TraversalDescription traversalDescription = Traversal.description() .depthFirst() .relationships( KNOWS ) .relationships( LIKES, Direction.INCOMING ) .prune( Traversal.pruneAfterDepth( 5 ) ); for ( Path position : traversalDescription.traverse( myStartNode )) { System.out.println( "Path from start node to current position is " + position ); }
This chapter covers the fundamentals of the programming model behind Spring Data Graph. It discusses the AspectJ features used and the annotations provided by DATAGRAPH and how to use them. Examples for this section are taken from the imdb project of DATAGRAPH examples.
Behind the scenes DATAGRAPH leverages AspectJ aspects to modify the behavior of simple POJO entities to be able to be backed by a graph store. Behind each entity lies a backing node that holds the properties and relationships to other entities. AspectJ is used to intercept field access and to reroute it to the backing state (either its properties or relationships). For relationship entities the fields are similarly mapped to properties. There are two specially annotated fields for the start and the end node of the relationship.
The aspect introduces some internal fields and some public methods to the entities for accessing the backing state via getUnderlyingState()
and creating relationships with relateTo
and retrieving relationship entities via getRelationshipTo
. It also introduces finder methods like find(Class<? extends NodeEntity>, TraversalDescription)
and equals and hashCode delegation.
Spring Data Graph internally uses an abstraction called EntityStateAccessors that the field access and instantiation advices of the aspect delegate to, keeping the aspect code very small and focused to the pointcuts and delegation code.

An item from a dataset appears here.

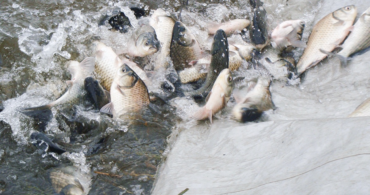 川崎河川漁業協同組合(竹仲密昭組合長)は11月21日、二ヶ領上河原堰近くの多摩川にヘラブナ400キロ・約1000匹を放流した。

The EntityStateAccessors then use a number of FieldAccessor factories to create a FieldAccessor instance per field that does the specific handling needed for the concrete field.
Entities are declared using the @NodeEntity
annotation. Relationship entities use the @RelationshipEntity
annotation instead.
This annotation is used to declare a POJO entity to be backed by a node in the graph store. Its field are mapped by default to either properties of the node. Fields pointing to other NodeEntities or Collections thereof are mapped via relationships. If the annotation field useShortNames
is set to false the properties and relationship names used will be prepended with the class name of the entity. If the field fullIndex
is set to true, all fields of the entity will be indexed. If the partial
field is set to true, this entity takes part in a cross-store setting where only the parts of the entity are mapped to the graph store that are not handled by JPA.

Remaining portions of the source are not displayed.